Records excerpted from a collection:
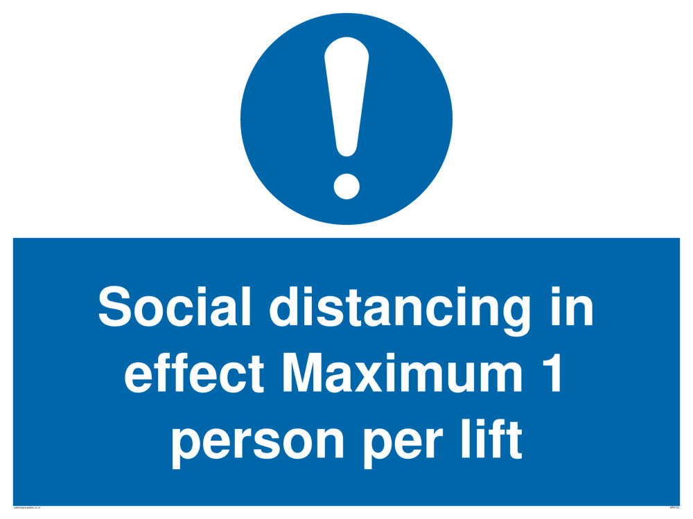 This sign contains a general Mandatory Exclamation Symbol - exclamation mark in white on blue circle background.
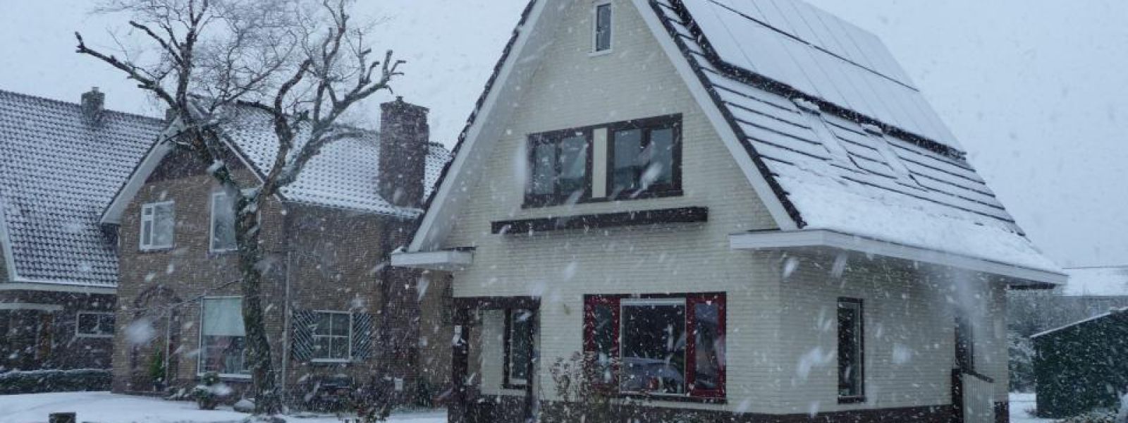 Op de garage liggen 8 panelen op het Zuiden en 8 op het Noorden met een geringe dakhoek om de impact in levering van energie vast te stellen.
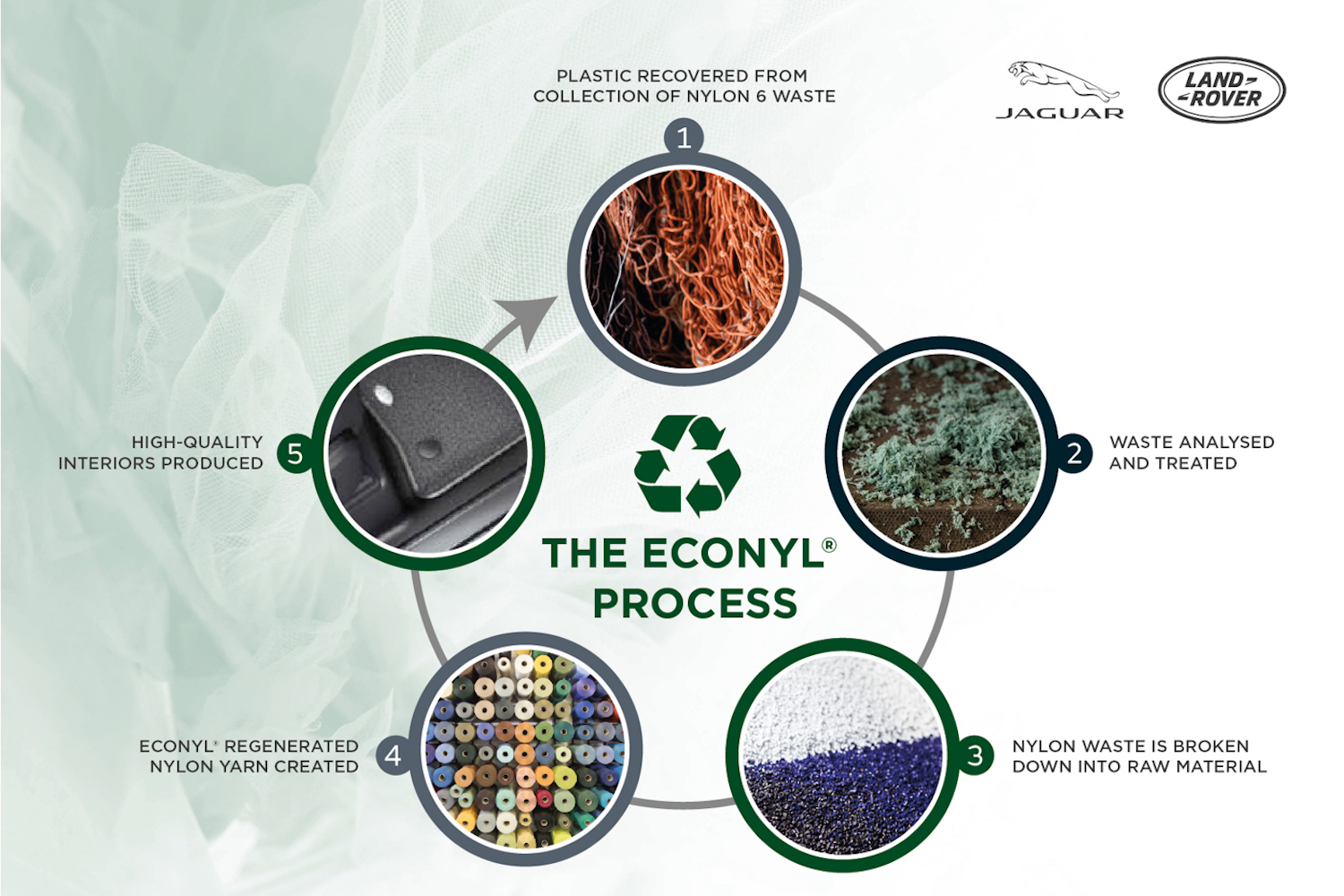 Jaguar Land Rover (JLR) says that its next-generation vehicle interiors will seriously ramp up its use of recycled materials. The car maker is working with recycled materials firm Aquafil to create high-quality interior materials using both seaborne and landfill waste.
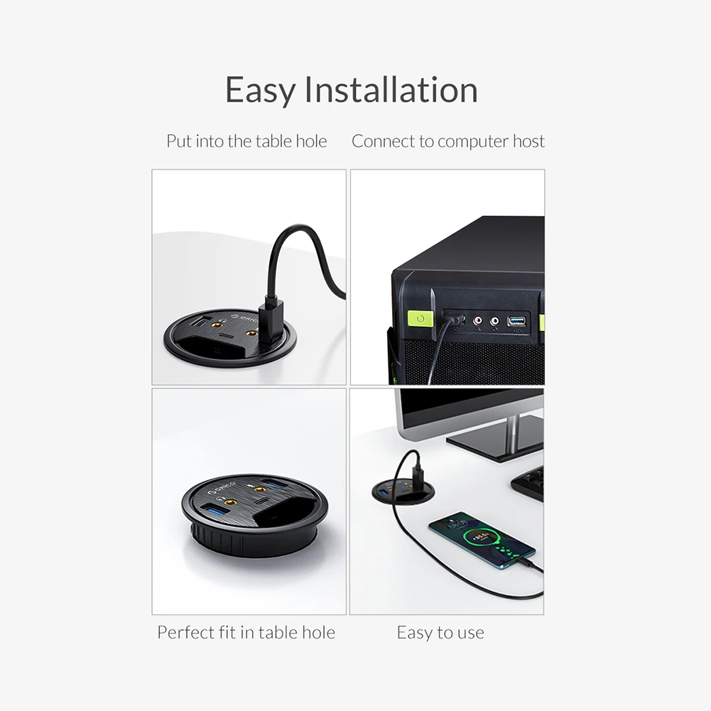 ORICO Настольный втулка USB 3,0 концентратор Type-A тип-c аудио порт ключ сплиттер Многофункциональный блок питания Настольный монтажный адаптерORICO DESK-2U1C Настольный втулка USB 3,0 концентратор Type-A Type-C аудио порт ключ сплиттер Многофункциональный блок питания Настольный монтажный адаптер
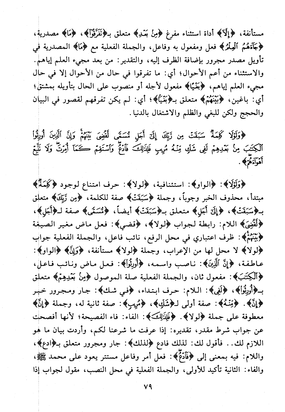 {وَلَوْلَا}: {الواو}: استئنافية، {لولا}: حرف امتناع لوجود {كَلِمَةٌ} مبتدأ، محذوف الخبر وجوبًا، وجملة {سَبَقَتْ} صفة للكلمة، {مِنْ رَبِّكَ} متعلق بـ {سَبَقَتْ}، {إِلَى أَجَلٍ} متعلق بـ {سَبَقَتْ} أيضًا، {مُسَمًّى} صفة لـ {أَجَلٍ}، {لَقُضِيَ} اللام: رابطة لجواب {لولا}، {قضي}: فعل ماض مغير الصيغة {بَيْنَهُمْ}: ظرف اعتباري في محل الرفع، نائب فاعل، والجملة الفعلية جواب {لولا} لا محل لها من الإعراب، وجملة {لولا} مستأنفة، {وَإِنَّ} {الواو}: عاطفة، {إِنَّ الَّذِينَ}: ناصب واسمه، {أُورِثُوا}: فعل ماض ونائب فاعل، {الْكِتَابَ}: مفعول ثان، والجملة الفعلية صلة الموصول {مِنْ بَعْدِهِمْ} متعلق بـ {أُورِثُوا}، {لَفِى}: اللام: حرف ابتداء، {في شك}: جار ومجرور خبر {إنَّ}. {مِنْهُ}: صفة أولى لـ {شَكٍّ}، {مُرِيبٍ}: صفة ثانية له، وجملة {إِنَّ} معطوفة على جملة {لولا}. {فَلِذَلِكَ}: الفاء: فاء الفصيحة؛ لأنها أفصحت عن جواب شرط مقدر، تقديره: إذا عرفت ما شرعنا لكم، وأردت بيان ما هو اللازم لك .. فأقول لك: لذلك فادع {لذلك}: جار ومجرور متعلق بـ {ادع}، واللام: فيه بمعنى إلى {فَادْعُ}: فعل أمر وفاعل مستتر يعود على محمد - صلى الله عليه وسلم -، والفاء: الثانية تأكيد للأولى، والجملة الفعلية في محل النصب، مقول لجواب إذا
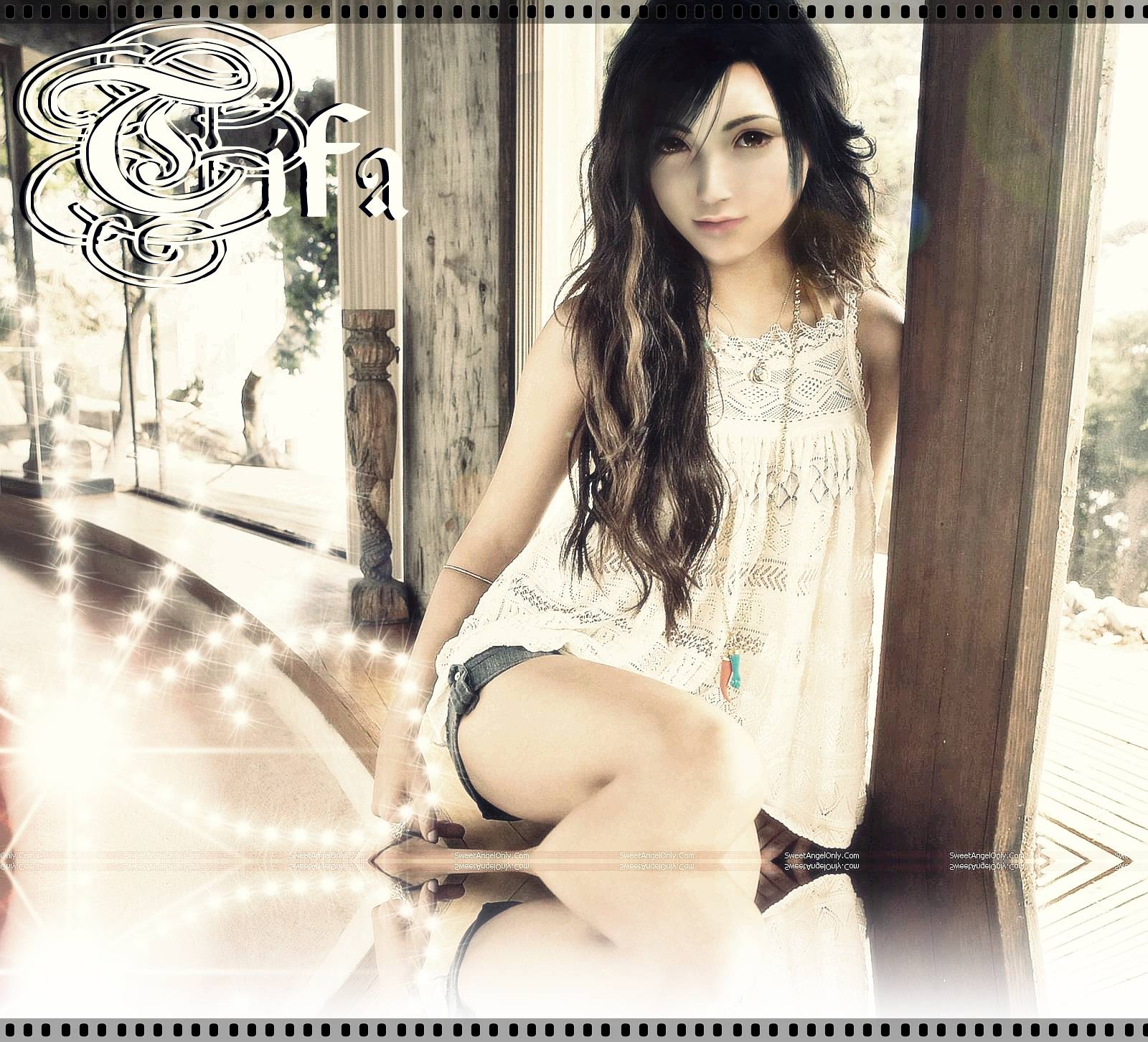 Description: A woman in a white dress sitting on a bench with a light shining on her leg and her hand on her hip.
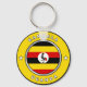Ugandas nationella flagga fyllde sig i en cirkel där land och huvudstadens namn trycktes runt.
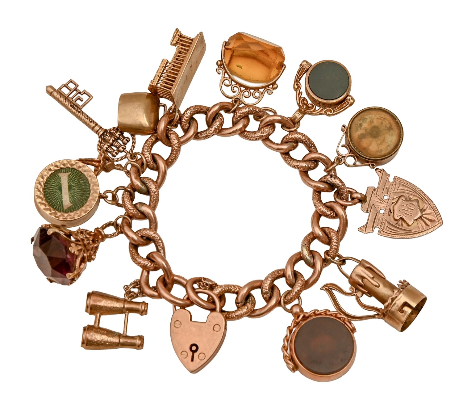 A gold charm bracelet, with padlock and a collection of gold charms, including binoculars, candlestick and three watch fob swivel seals, approx 17cm l, 66.6g
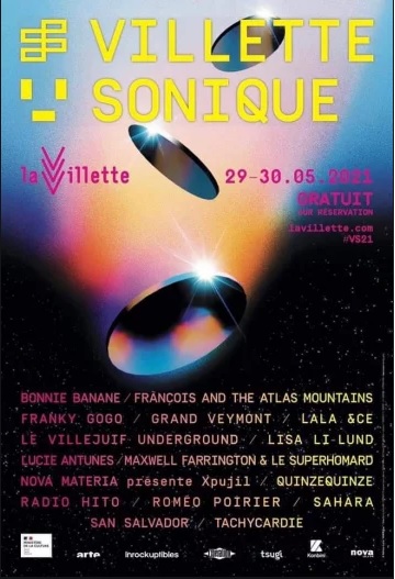 Être l’un des premiers festivals à reprendre après plus de six mois d’arrêt permet de donner le ton de ce qui sera possiblement la manière dont vont se dérouler plusieurs manifestations à venir. C’est ainsi que Villette Sonique se passa intégralement en extérieur, avec des cercles tracés par terre (ou des transats suivant la nature du sol), des spectateurs assis et à distance les uns des autres, des règles sanitaires régulièrement rappelées, des horaires diurnes (afin de respecter le couvre-feu) et une programmation très majoritairement française. Après une édition 2020 annulée (alors qu’elle promettait plutôt, notamment une soirée curatée par Stephen O’Malley avec Robert Aiki Aubrey Lowe et Kristin Anna, ou bien la présence de figures comme Kim Gordon et The Jesus & Mary Chain), ce sont seize concerts qui furent programmés cette année, sur deux jours et deux scènes, pour un festival dont les fondamentaux demeurèrent. La gratuité de l’accès au site drainait ainsi un public pas forcément connaisseur des propositions présentées, mais dans une convivialité et une bonne ambiance certaines (on propose volontiers une poignée de chips à son voisin de cercle), l’ensemble étant baigné d’un franc soleil.

◆ **What to do**:
Once the line with "Ugandas nationella flagga" is found above, print it and every line after it through the line with "A gold charm", exactly. Pictures stay out.

◆ **Solved exercise**:
Ugandas nationella flagga fyllde sig i en cirkel där land och huvudstadens namn trycktes runt.
 A gold charm bracelet, with padlock and a collection of gold charms, including binoculars, candlestick and three watch fob swivel seals, approx 17cm l, 66.6g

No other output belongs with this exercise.